Concurrent integration posts

Collapse
X
 
  • Time
  • Show
Clear All
new posts

  • Concurrent integration posts

    Hi all and ex-Glog friends,
    I am looking for feedback and input on concurrent integration posting volume (WMServlet).

    The issue is.. integration is posting like a dream.
    Then suddenly integration starts posting very slowly.. as in only a few posts per minute.. or even a few minutes between posts..
    *Posting via BizTalk

    I found that an RDP application on the app/web server (vino-server) was eating 99.9% CPU.
    When integration slowed to a crawl, vino-server showed for the first time on TOP, at the top with 99.9 CPU.
    *Direct correlation between integration slowing and vino-server taking 99.9 CPU

    Killing vino-server restored idle CPU. but integration never picked back up..
    Biztalk still posted very slowly.. as described above.. so I am just not clear here..
    I was wondering if maybe there were too many hung connections wanting to timeout.. but wasn't sure.

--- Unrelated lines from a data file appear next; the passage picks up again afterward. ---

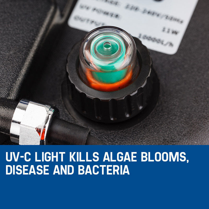 Compact and easy to set-up, the UV-C Series with its UV-C light, kills algae blooms, disease, and bacteria.
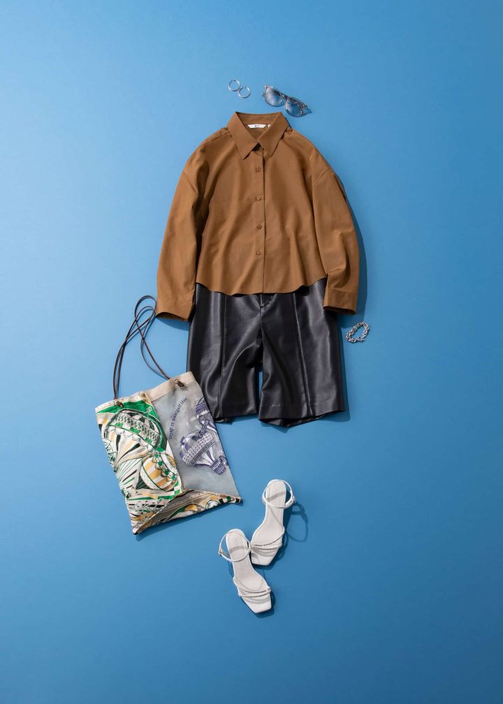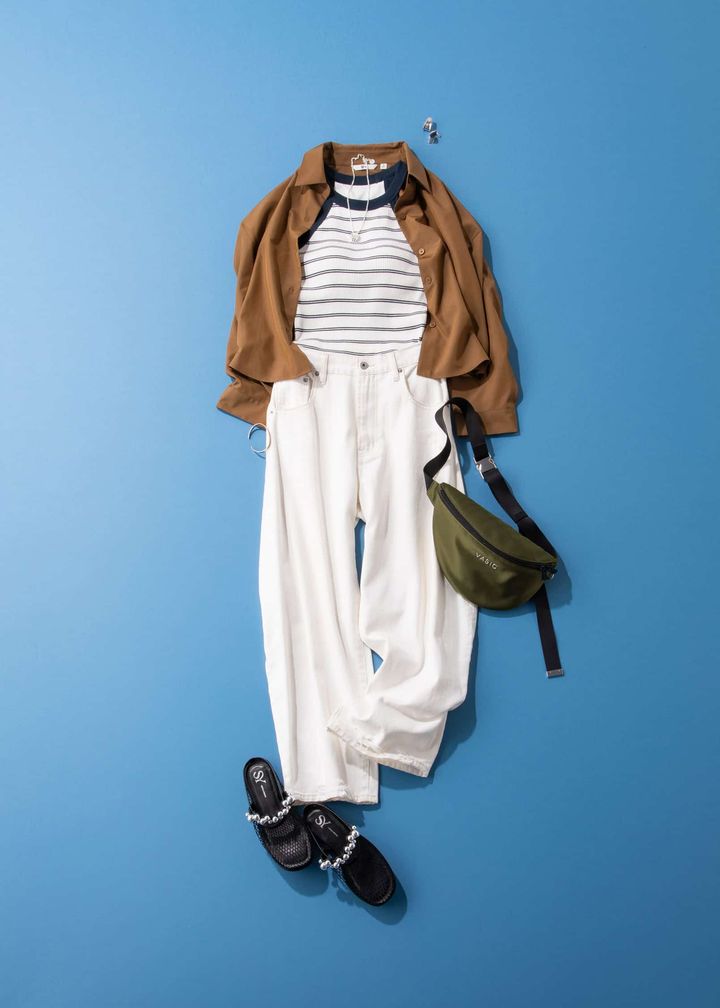 シャツは着回し。パンツ¥16,500(アルページュストーリー)バッグ¥25,300(マニプリ)シューズ¥8,910(ランダ)サングラス¥1,990(ユニクロ)ピアス¥107,800(ウノアエレ/ウノアエレ ジャパン)ブレスレット¥6,600(エイチアッシュ/フォーティーン ショールーム)
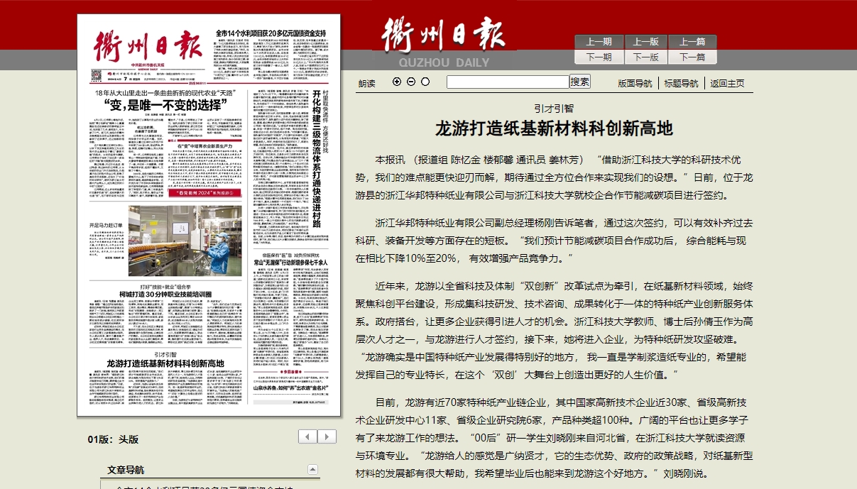 浙江华邦特种纸业有限公司副总经理杨刚告诉笔者,通过这次签约,可以有效补齐过去科研、装备开发等方面存在的短板。“我们预计节能减碳项目合作成功后, 综合能耗与现在相比下降10%至20%, 有效增强产品竞争力。”
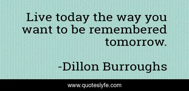 This page presents the quote "Live today the way you want to be remembered tomorrow.". Author of this quote is Dillon Burroughs. This quote is about legacy, make-a-difference,.
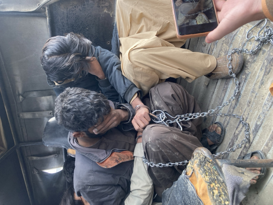 The scene is located within Quetta City Tehsil, Pakistan, specifically inside the cargo area of a utilitarian vehicle. At least three adult males are visible. In the foreground-center, two men are seated on the metal floor, hunched over with their faces obscured by their hands. The man on the left has dark, curly hair and a beard, wearing a dark gray jacket with an orange collar lining and brown trousers. His wrists are secured by metal cuffs. Heavy, large-link metal chains, some with twisted elements, are secured around his lower legs/ankles and rest on the floor. The man on the right has dark, wavy hair, dressed in a dark jacket and light brown trousers, also with a hand covering his face/head. His right wrist is visibly cuffed. Similar heavy metal chains secure his lower legs/ankles, visibly connecting to the man on the left. A third individual's leg, wearing a dark sandal, is partially visible in the lower left foreground. Indistinct figures are present in the vehicle's background. In the lower right, a hand holds a smartphone, its screen reflecting the chained legs.

    I tried to make sense of netstat.. but again wasn't clear exactly..

    I checked google and this is a known issue with vino-server.. taking 100% CPU - it's a bug.

    I am fairly convinced that the vino-server app is the cause of the issue.. but noone seems to want to believe me.
    THus, I am looking to the big guns for some input.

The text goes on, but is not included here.